Just wonder if anyone has had any problems with using ONR and applying OR maintaining an LSP (be it wax, sealant, or nano-sealant)?


----------



## scratcher (Jul 20, 2010)

I haven't had a problem with any of my waxes or sealants so far 

I found with Powerlock that the panel sheeted it's self pretty much dry before I finished it :lol:


----------



## burgmo3 (Jun 27, 2010)

Only problem I've had if you want to call it a problem is when applying the onr it runs off the paint to quickly and doesn't give enough time to presoak.


----------



## Scotty B (Jul 1, 2009)

burgmo3 said:


> Only problem I've had if you want to call it a problem is when applying the onr it runs off the paint to quickly and doesn't give enough time to presoak.


Yes I found this a little with JETT, but it's a small compromise I can live with.


----------



## toni (Oct 30, 2005)

That means the car isn't dirty enough and there's no need for presoak


----------



## Scotty B (Jul 1, 2009)

Not pre-soaking would make me shake with fear even if it was clean.


----------



## bigalj (Jun 27, 2010)

Scotty B said:


> Not pre-soaking would make me shake with fear even if it was clean.


I've used ONR for 95% of my washes for the last 18 months on BMW Jet Black paint.

I have NEVER pre-soaked with solution.
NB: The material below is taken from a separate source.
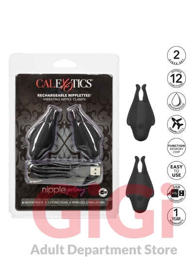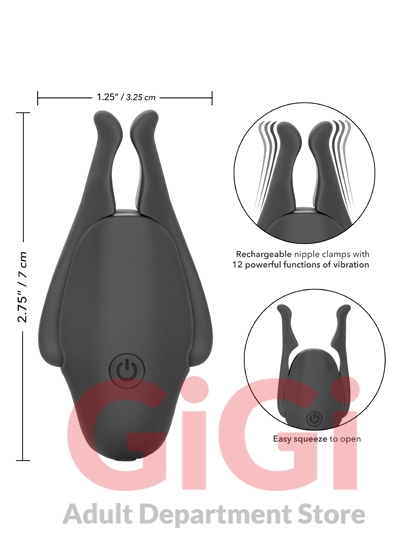 Blur the borders between pleasure and pain even further with the game-changing Nipple Play® Rechargeable Nipplettes®. This daring designer nipple clamp set features 12 independently controlled functions of vibration, fully adjustable clamps and USB rechargeable battery. Clamp these multi-use teasers to your body and enjoy every rush of stimulation as you flicker through the powerful functions of vibration at the touch of a button. As the tension tightens, the tingles intensify with every touch of the button for the ultimate in nipple stimulation toys.

Just the bucket of ONR and a grout sponge and never had any issues.

You have to trust the product to do it's job. IMO, adding in the extra faff of presoaking defeats the object.


----------



## Scotty B (Jul 1, 2009)

Always thought it was a waste of time but I've always pre-soaked since I started using it years ago. I doubt this old habit is going to die any time soon, makes me feel more comfortable even though it not essential.


----------



## umi000 (Jan 14, 2011)

Not had any problems with ONR and any LSP I've used, whether during application or for maintenance.


----------



## MirfieldMat (Mar 13, 2011)

i had a problem with ONR used on a car protected with Purple haze Pro and one protected with megs #16. left a lot of streaking when using ti as a waterless wash/qd wipedown. 

I then realised it was because i had made it too strong, and since have had no issues at all.


----------



## Lowiepete (Mar 29, 2009)

burgmo3 said:


> Only problem I've had if you want to call it a problem is when applying the onr it runs off the paint to quickly and doesn't give enough time to presoak.
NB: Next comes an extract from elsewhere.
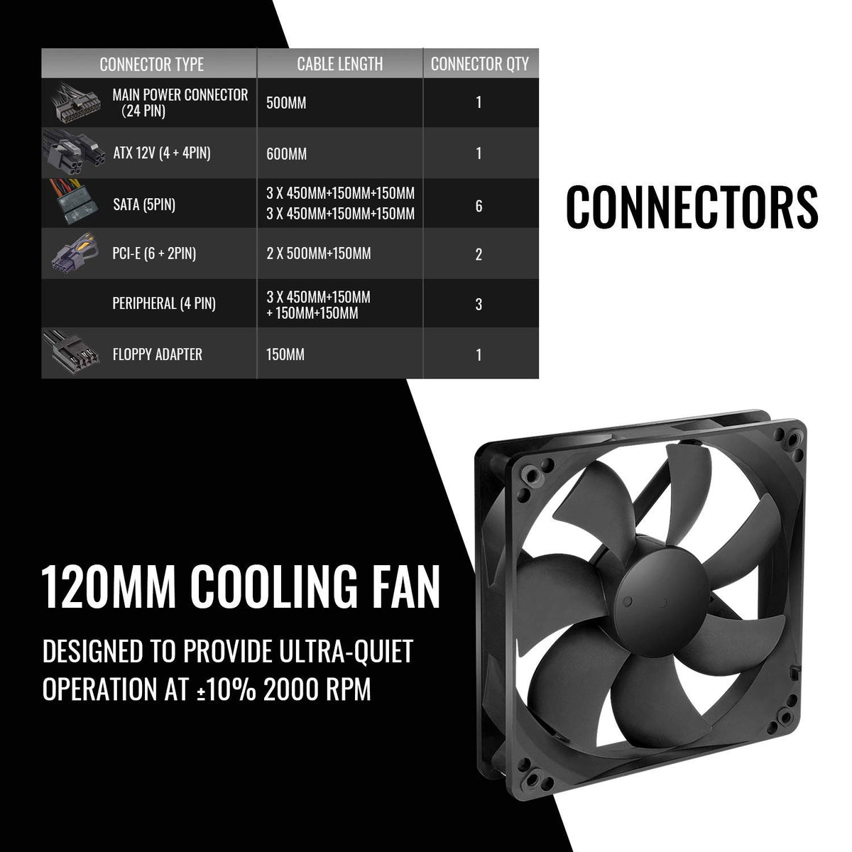 Q: How many connectors does the Toughpower GX2 Power Supply come with?A: The Toughpower GX2 includes various connectors: Main Power (24 pin) x 1, ATX 12V (4+4 pin) x 1, SATA (5 pin) x 6, PCI-E (6+2 pin) x 2, Peripheral (4 pin) x 3, and FDD x 1, providing flexibility for different components.

That sounds more like an indicator of your LSP being good at repelling dirt!

The whole point of the pre-spray (it doesn't have to be a soaking) _and_
the dwell period is to make the ONR do the hard work and to lessen, probably 
by degrees, any possibility of marring by some rogue dirt on the paint.

Pumping up a 1 litre atomiser isn't as hard as filling and carrying a second bucket...

Regards,
Steve


----------